There was alot of metal particles in the bowl. I vacuumed them all out weeks ago when I first suspected the distributor. The problem persisted.

The distributor shaft wasn't loose at all...it was very firm, yet the PIP was VERY loose. Maybe 1/8th to 1/4 inch of deflection. You could feel it even without pulling the entire distributor out. Today, I pulled the whole thing out to have a closer look. The bushings on the distributor were all fine, but for some reason, the PIP collar over the shaft was worn out! I replaced the PIP with a new Borg Warner piece, and it fit like a glove. No movement at all...as you'd expect.

I put everything back together, and hoped for the best. Tonight, the car is running PERFECTLY! The stumbling is gone. It was a warm day though, so I won't be completely satisfied that I nailed it until it runs fine on a cold day.

Interestingly enough, the PIP in my GT is actually listed as a Cobra part. The part for the GT didn't look anything like what I had on my car. Thought I'd point that out for anyone else with a similar situation. I guess Ford was using up surplus parts.

Hardest part of the repair was pulling the drive gear off the distributor shaft. I chose to replace just the PIP instead of the entire distributor...$40 vs $140. Took me just under 2 hrs. start to finish.

I'll post an update if the problem returns. If it doesn't, I'd like to thank everybody for their help and support!! :nice:


Hey, well done!

With that much play in the old PIP, you should feel confident that was your issue.

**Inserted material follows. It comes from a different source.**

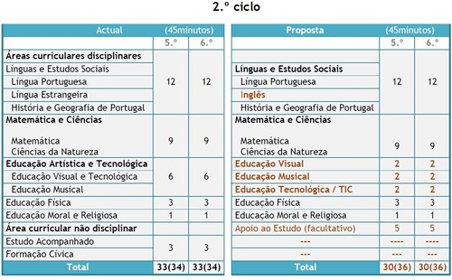 Pelo que se verifica no quadro, a disciplina de Educação Visual e Tecnológica é dividida em Educação Tecnológica e Educação Visual. Educação Visual passa a ter 2 tempos no 5º e 6º anos e Educação Tecnológica em desdobramento com TIC, tem também 2 tempos no 5º e 6º anos. Se esta for a interpretação do ministro, do mal o menos, continua-se com 4 tempos embora separados. De qualquer forma EVT perde sempre, porque eram 4 tempos e 2 professores, agora serão 4 tempos e 3 professores. Esperemos para ver o que a discussão pública até finais de janeiro nos vai dar.
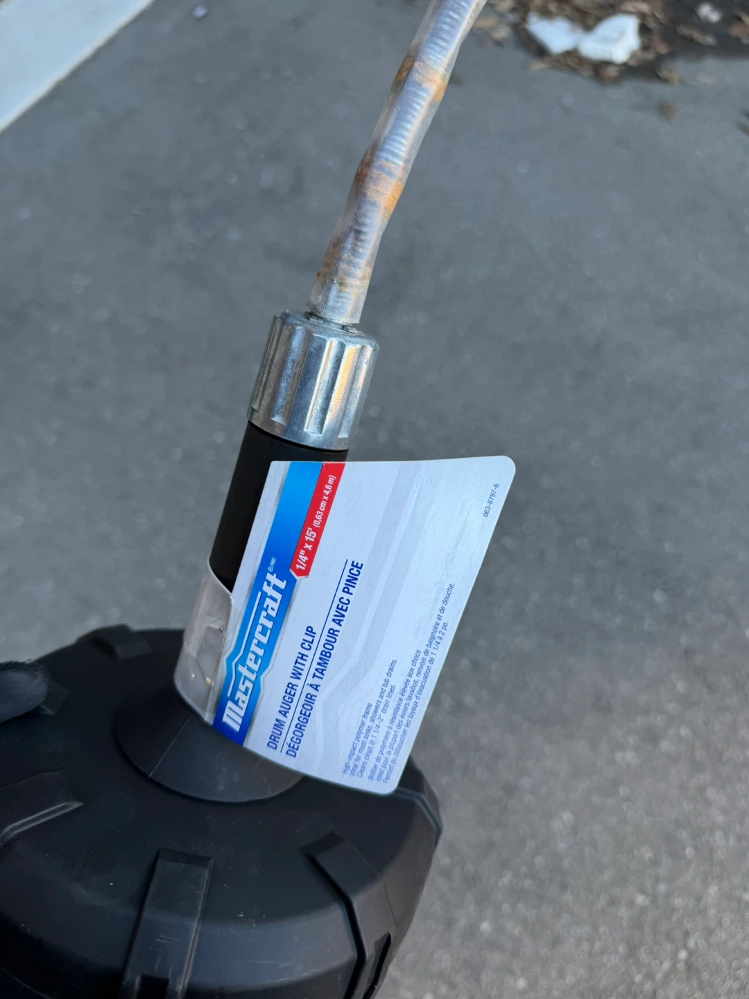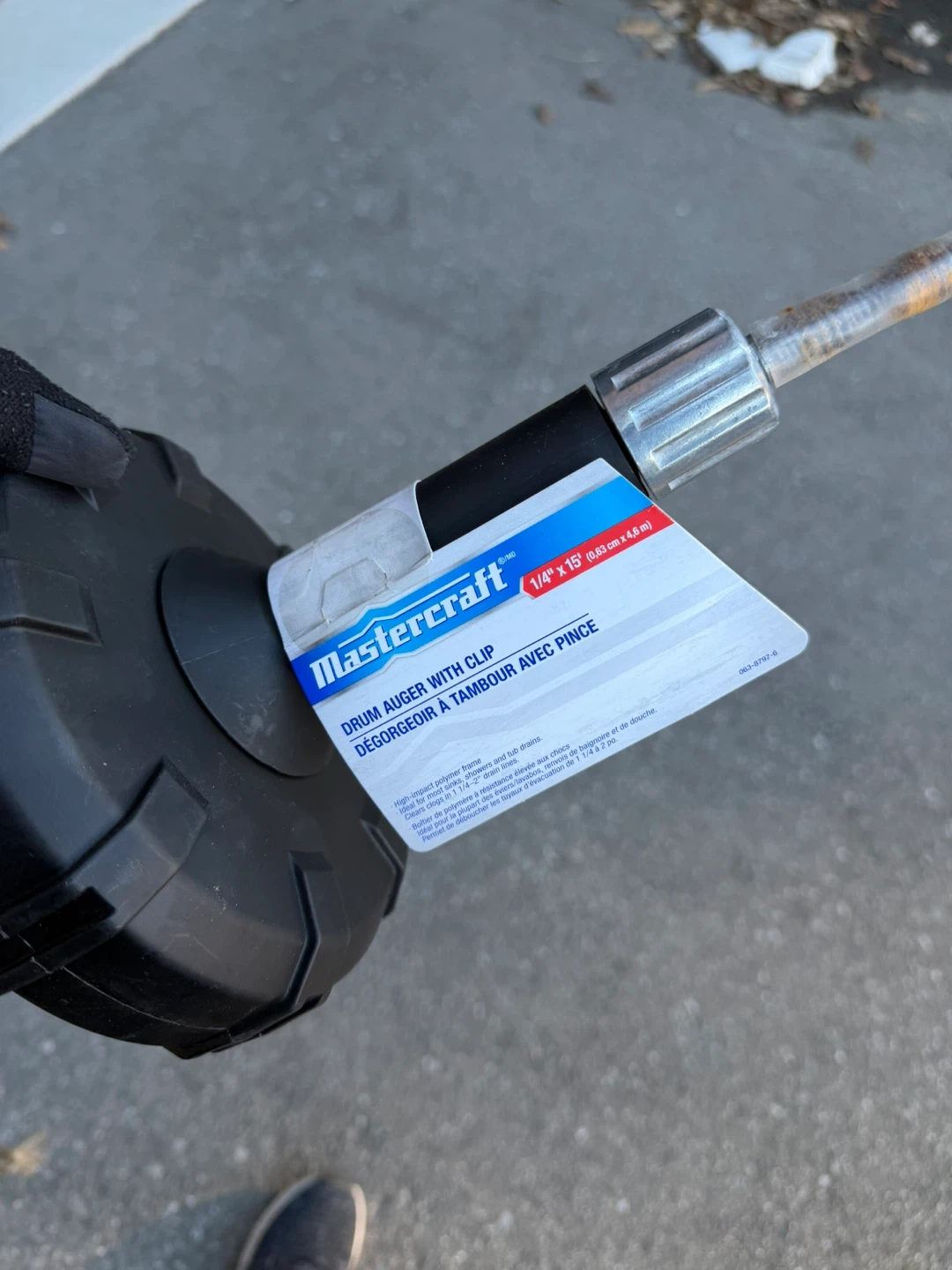 Mastercraft drum auger with clip for clearing drains. High-impact polymer body. Cable is 1/4" diameter and 15 feet long.

These cars use an inverted window-signal so shudder misalignment can cause some real issues.

I gotta' say that we get a fair number of new members (not knew to wrenching, just new to the board, like yourself) and few crank out quick repairs and diagnostics like you have (I'm sure the Cobra part number tangent will help someone at some point, for instance). Good stuff!
 
TFI = Thick Film Ignition. It refers to the ignition module, which is in a heat-sink on the passenger side of the engine bay (on the front of the wheel well arch).